I’ve been working on this play for eight years or more, right when gender identity conversations began seeping into the culture. I didn’t quite understand it. I thought, “Really? You can be both female and male?” So I wondered how a blue-collar Chicago guy would wrap his head around that new conversation. As a writer, it felt very fruitful to have this character struggle with, “What does that mean?” I gave Rog my question. I’m embarrassed that I don’t understand it, but I want to.
Audience members have thanked me for bringing that question into the story because a lot think, “I thought I was the only one who didn’t get this, so I’ve been terrified to say anything because I’m afraid I’ll say the wrong thing.” By giving the struggle over that gender identity question to Rog, somehow a lot of audience members felt a release, like it was okay to talk about it and hopefully – understand it a little better.
You often say that human beings are incredibly flawed and fucked up. Does that open the door to redemption or revelation?
I don’t think redemption necessarily. Me saying that we’re all fucked up, is just another way of saying that being human is a messy endeavor. I think reflection more than redemption is definitely the goal of the guys in this play, some more than others. Rog is the most reflective, while Brian, at first, is not really looking at himself.
In general, I believe if one reflects on one’s self, there can be more understanding of one’s self. Not everybody wants to do that.
In my research, I came across a word that I don’t often hear from playwrights: the word “joy”. You’ve said, “I remain interested in the joy of humanity.”
It feels subversive to write this play about men, and I’m not taking them down or putting them in their place. I’m actually looking at them whole-heartedly, I hope, and realistically. They certainly aren’t perfect.

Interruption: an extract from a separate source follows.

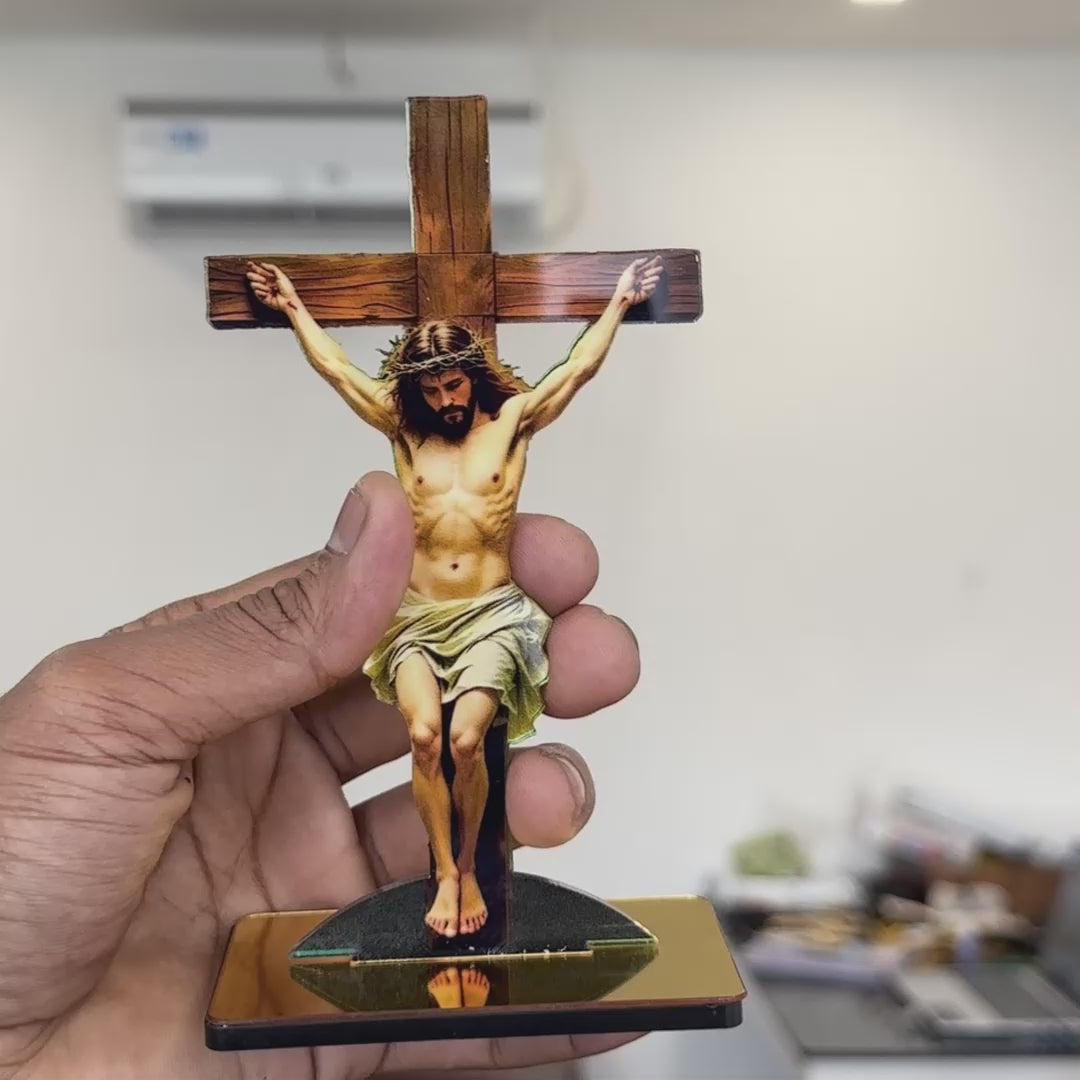 This beautifully crafted crucifix of Jesus Christ is printed on premium acrylic and designed to fit perfectly on your prayer table, desk, or car dashboard. It serves as a powerful reminder of faith, sacrifice, and hope, bringing peace and blessings into your daily life. A meaningful gift for loved ones on religious occasions or as a token of encouragement.

That “joy” thing is the same thing as that “tenderness” thing in me. It’s just who I am as a person.
Did you have a favorite book when you were a kid?
I really loved Family of Man, a book put together by Edward Steichen based on a photographic exhibition at MOMA. It’s amateur and professional photography of the human experience: birth, life, death, work. I was obsessed with this book as a child. Carl Sandberg did the prologue for the book, and he’s a Chicago person. I was probably holding the book at age four, and I was just fascinated, besotted by the experiences of other people in the world.
I think I would have been a social anthropologist if I weren’t a writer. They are kind of the same thing, no? To write characters is an anthropological endeavor.
In Chester Bailey, another play in CATF’s 2019 repertoire, the character Dr. Cotton makes this observation about his patient, Chester Bailey, to his father: “Your son, Mr. Bailey, is the author of his own mercy. He stitched it together out of what was around him. Just like the rest of us.”
How have you been the author of your own mercy?
That’s such a beautiful line. Writing is a healing act for me and, hopefully for others. To express one’s self is a real gift. To be able to do it and then have it received is an even bigger gift. It’s a back and forth with me and the audience, and the audience with the characters. It’s a whole kind of ecosystem, and when it’s working, it’s wonderful. I love it.